=== Instructions for the task ===
Starting with the line that contains "校黨委書記常江、校黨委副書記", return every line through the end of the listing below exactly as written. Omit the pictures.

=== Given material ===
================================

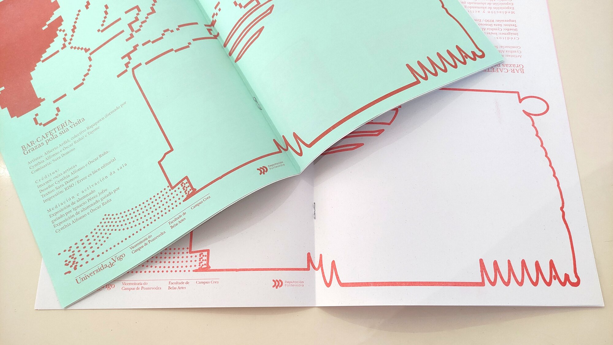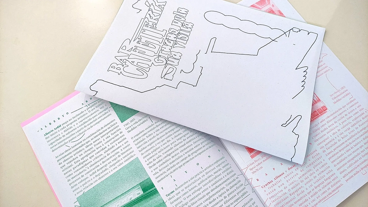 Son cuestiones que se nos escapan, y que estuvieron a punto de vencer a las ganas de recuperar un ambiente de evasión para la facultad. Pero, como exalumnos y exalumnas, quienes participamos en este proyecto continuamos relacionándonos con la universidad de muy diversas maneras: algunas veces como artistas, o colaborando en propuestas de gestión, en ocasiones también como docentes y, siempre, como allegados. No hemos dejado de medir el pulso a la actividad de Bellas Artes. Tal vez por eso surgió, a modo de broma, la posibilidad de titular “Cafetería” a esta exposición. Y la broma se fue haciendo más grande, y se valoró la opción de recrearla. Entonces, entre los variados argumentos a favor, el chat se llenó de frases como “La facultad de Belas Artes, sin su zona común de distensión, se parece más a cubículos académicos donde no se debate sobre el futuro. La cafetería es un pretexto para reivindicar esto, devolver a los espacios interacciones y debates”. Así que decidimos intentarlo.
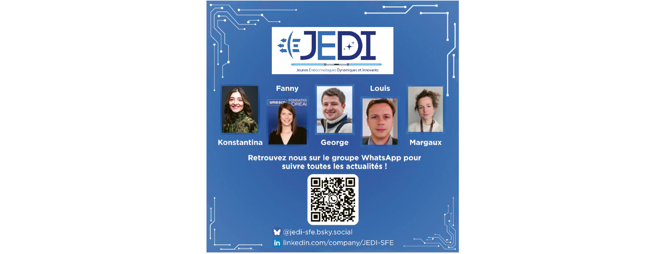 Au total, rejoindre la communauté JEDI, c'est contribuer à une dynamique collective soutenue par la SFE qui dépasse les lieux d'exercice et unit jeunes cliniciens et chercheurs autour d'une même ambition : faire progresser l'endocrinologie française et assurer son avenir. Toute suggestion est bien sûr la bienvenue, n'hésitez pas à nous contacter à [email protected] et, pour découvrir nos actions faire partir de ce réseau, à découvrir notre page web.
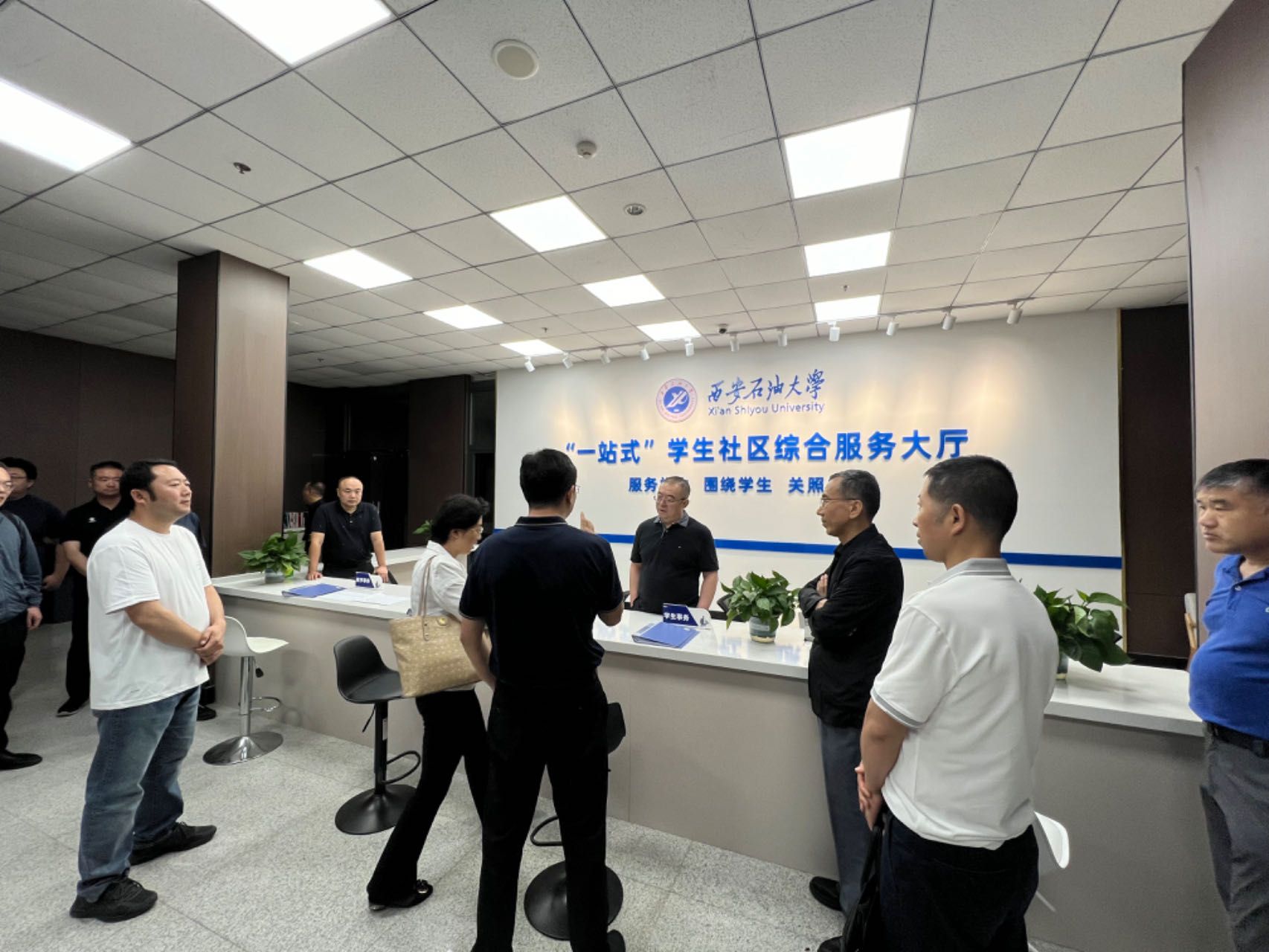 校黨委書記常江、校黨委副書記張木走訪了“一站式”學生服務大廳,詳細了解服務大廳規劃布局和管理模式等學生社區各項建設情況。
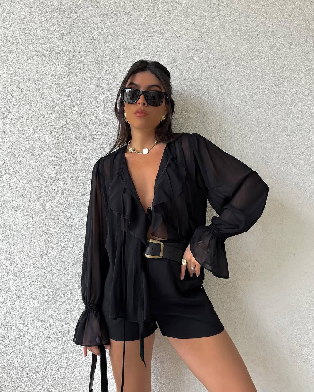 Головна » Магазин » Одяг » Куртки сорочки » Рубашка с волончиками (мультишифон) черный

================================

=== Reply to the task ===
 校黨委書記常江、校黨委副書記張木走訪了“一站式”學生服務大廳,詳細了解服務大廳規劃布局和管理模式等學生社區各項建設情況。
 Головна » Магазин » Одяг » Куртки сорочки » Рубашка с волончиками (мультишифон) черный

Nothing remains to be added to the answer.